IJISA Vol. 11, No. 6, 8 Jun. 2019
Cover page and Table of Contents: PDF (size: 1147KB)
Full Text (PDF, 1147KB), PP.13-27
Views: 0 Downloads: 0
Aspect detection, big data, deep learning, latent semantic indexing, online learning, regularization, topic modeling
Due to freedom to express views, opinions, news, etc and easier method to disseminate the information to large population worldwide, social media platforms are inundated with big streaming data characterized by both short text and long normal text. Getting the glimpse of ongoing events happening over social media is quintessential from the viewpoint of understanding the trends, and for this, topic modeling is the most important step. With reference to increase in proliferation of big data streaming from social media platforms, it is crucial to perform large scale topic modeling to extract the topics dynamically in an online manner.
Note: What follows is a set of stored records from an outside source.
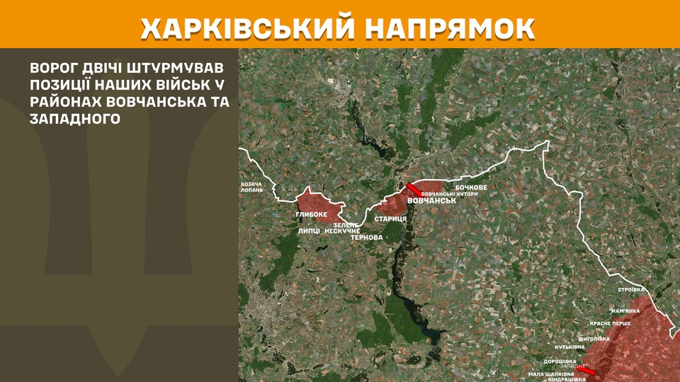 На Харківському напрямку війська РФ двічі штурмували позиції українських військ у районах Вовчанська та Западного.
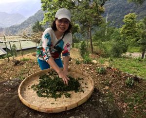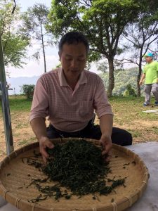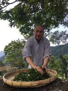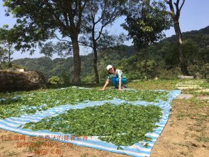採摘,日光萎凋、揉捻、發酵、炒青。以身體眼耳鼻舌身意,意識色聲香味觸,跟著茶葉的微細變化,時時觀色嗅香調整。除了喝茶的禪茶境地,製茶也能體會寧靜舒坦覺受的心識變化,茶的成形是活的,心識的意念也一直在體察之中。茶滋味,就是當下的心滋味。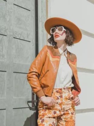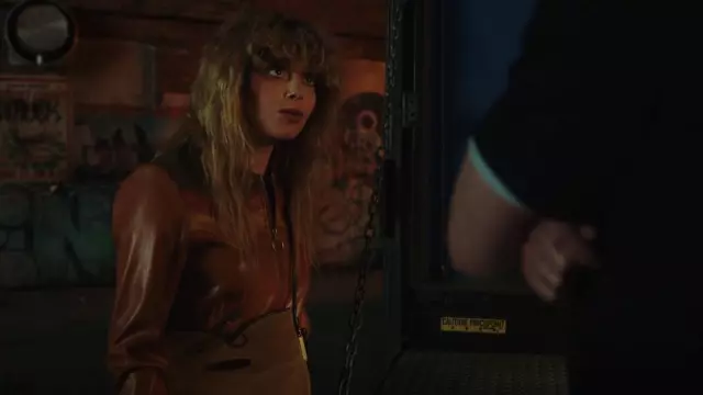Etsy Classic Rock Couture Cosmic Cowboy Bomber Jacket worn by Charlie Cale (Natasha Lyonne) as seen in Poker Face (S01E04)
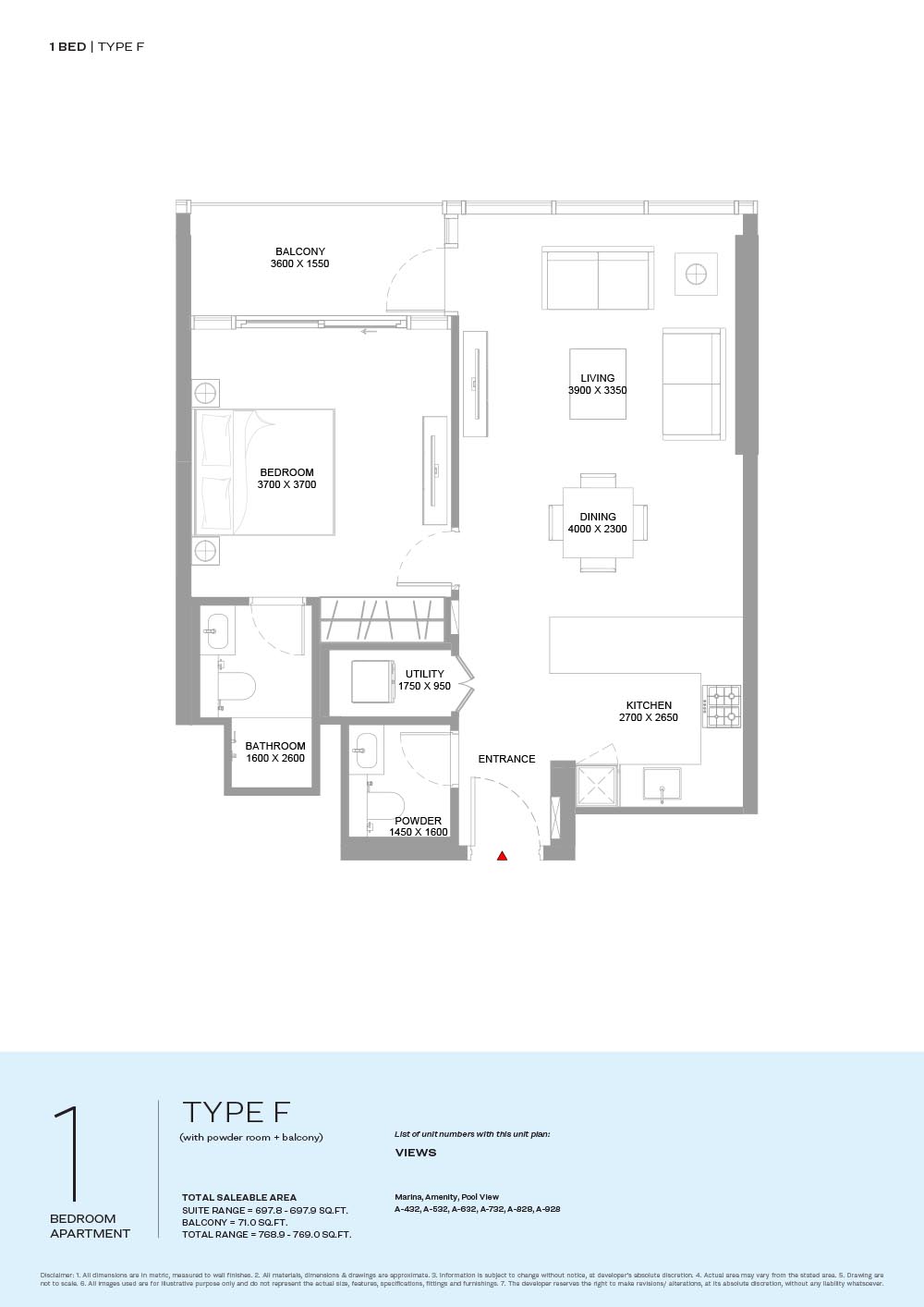 | Tower A | 1 Bedroom | 04th-09th Level (Type F) | 769.00 Sq Ft | Click Here |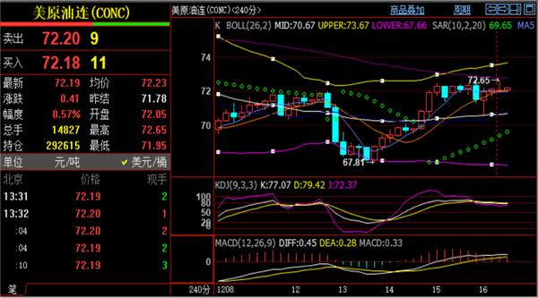 原油行情了解:周一原油代价高开,早盘高点触及72.6承压,及时现报价72.2一线。从周期来看原油代价并不算统统止跌,本周周线MACD绿色动能柱连接放量,周线合口,日线布林带中轨和日线准绳偏差带支持粘合承压73.5一线,同时光线SAR目标延长点阻力也正在73.5职位。更上方参考4小时准绳偏差带目标上轨74.1和上周众次提示的74.5酿成的压造阻力范畴。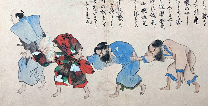 松前家ではこれを知ると、通詞を出して迎えさせ、酋長以下は礼装し、貴人を訪れる時にするように互に手をつなぎ、一列になって、通詞に導かれ藩主の前に出る。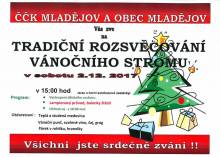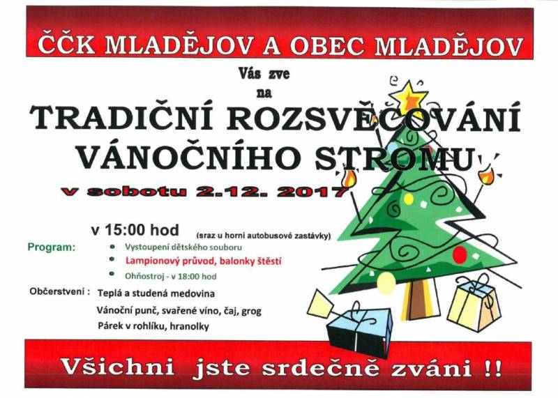 ČČK a Obec Mladějov na Moravě Vás zvou na Tradiční rozsvěcování vánočního stromu, které se uskuteční v sobotu 2. 12. 2017 u horní autobusové zastávky v 15:00 hodin. Rozsvěcování zahájí děti z MŠ, následuje lampionový průvod, pouštění lampionů štěstí a v 18:00 hodin se můžete těšit na ohňostroj. Občerstvení zajištěno (vánoční punč, svařené víno, čaj, grog, párky v rohlíku). Všichni jste srdečně zváni!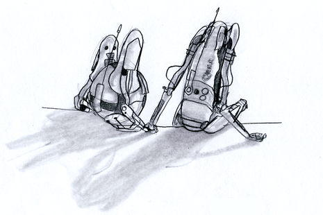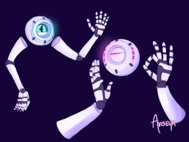 "Of all the robots I could float around in an infinite space with, I'm glad I'm floating with you..." That's what it looks like their eyes are saying. Hehe...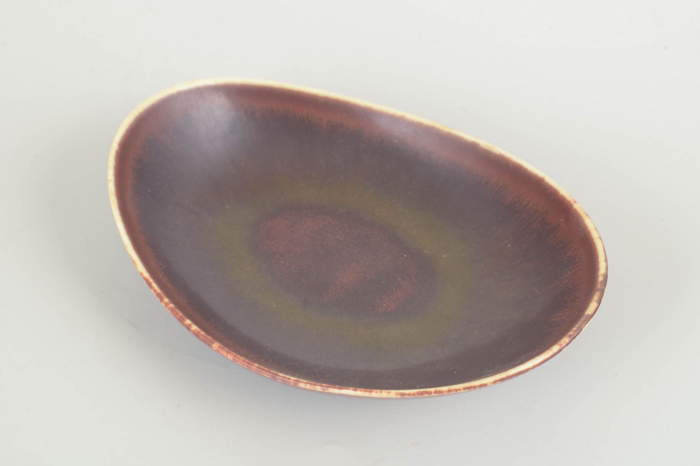 Asymmetrical stoneware bowl with a matte reddish-brown glaze showing olive tones toward the centre and a light rim. A fine example of Stålhane’s sculptural sense of form and subtle glaze variation.

This paper proposes an adaptive framework for dynamic topic modeling from big data using deep learning approach. Approach based on approximation of online latent semantic indexing constrained by regularization has been put forth. The model is designed using deep network of feed forward layers. The framework works in an adaptive manner in the sense that model is extracts incrementally according to streaming data and retrieves dynamic topics. In order to get the trends and evolution of topics, the framework supports temporal topic modeling, and enables to detect implicit and explicit aspects from sentences also.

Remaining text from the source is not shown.